SUPPLIED INFORMATION =>
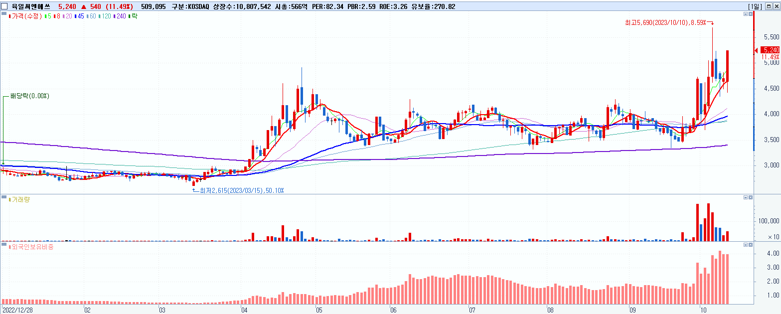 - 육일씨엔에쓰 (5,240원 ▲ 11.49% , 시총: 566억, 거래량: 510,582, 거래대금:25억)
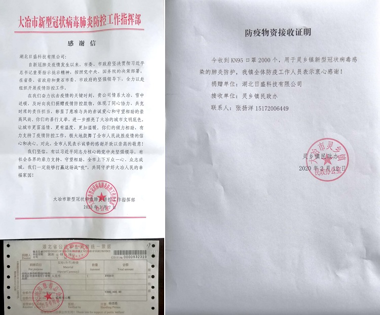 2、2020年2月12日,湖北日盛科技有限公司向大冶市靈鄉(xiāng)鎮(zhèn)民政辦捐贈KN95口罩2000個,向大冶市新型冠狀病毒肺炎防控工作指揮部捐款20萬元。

==

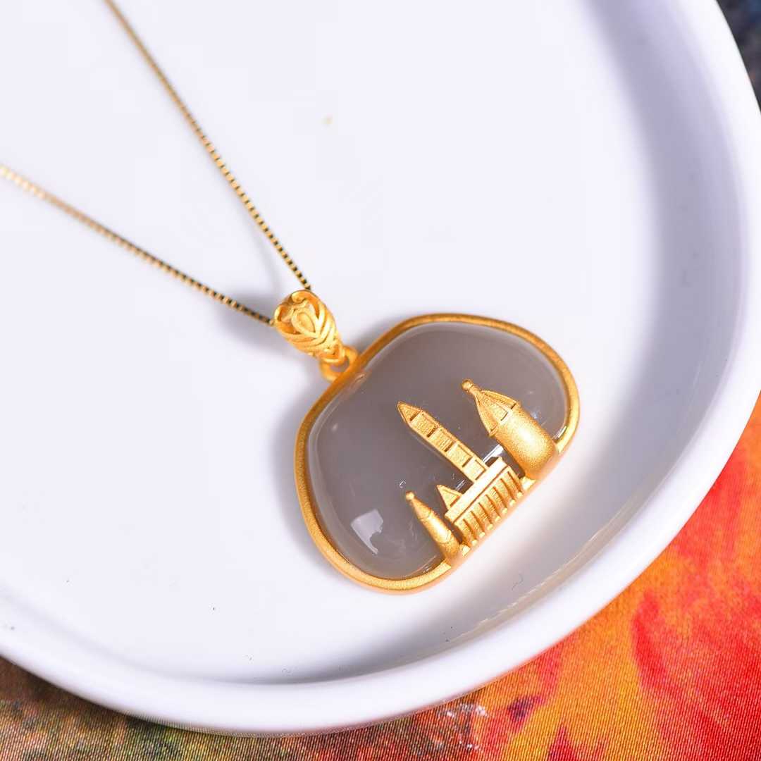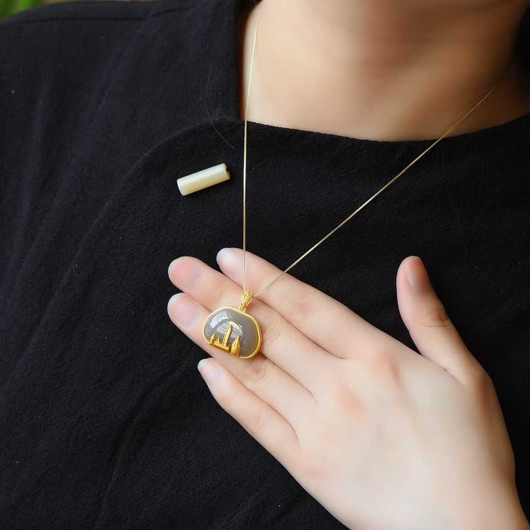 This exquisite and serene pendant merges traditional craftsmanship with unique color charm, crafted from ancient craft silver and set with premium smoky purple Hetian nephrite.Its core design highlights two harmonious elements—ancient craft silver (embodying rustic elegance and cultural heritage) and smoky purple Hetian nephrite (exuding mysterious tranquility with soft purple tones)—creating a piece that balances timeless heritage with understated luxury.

==

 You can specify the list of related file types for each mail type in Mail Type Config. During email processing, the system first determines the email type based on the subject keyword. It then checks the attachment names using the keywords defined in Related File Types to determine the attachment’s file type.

EXERCISE DETAILS => In the records above, copy exactly everything from the line that has "- 육일씨엔에쓰 (5,240원" down to the line that has "2、2020年2月12日,湖", both ends included, and leave out the pictures.

SOLUTION FOR THIS TASK =>
 - 육일씨엔에쓰 (5,240원 ▲ 11.49% , 시총: 566억, 거래량: 510,582, 거래대금:25억)
 2、2020年2月12日,湖北日盛科技有限公司向大冶市靈鄉(xiāng)鎮(zhèn)民政辦捐贈KN95口罩2000個,向大冶市新型冠狀病毒肺炎防控工作指揮部捐款20萬元。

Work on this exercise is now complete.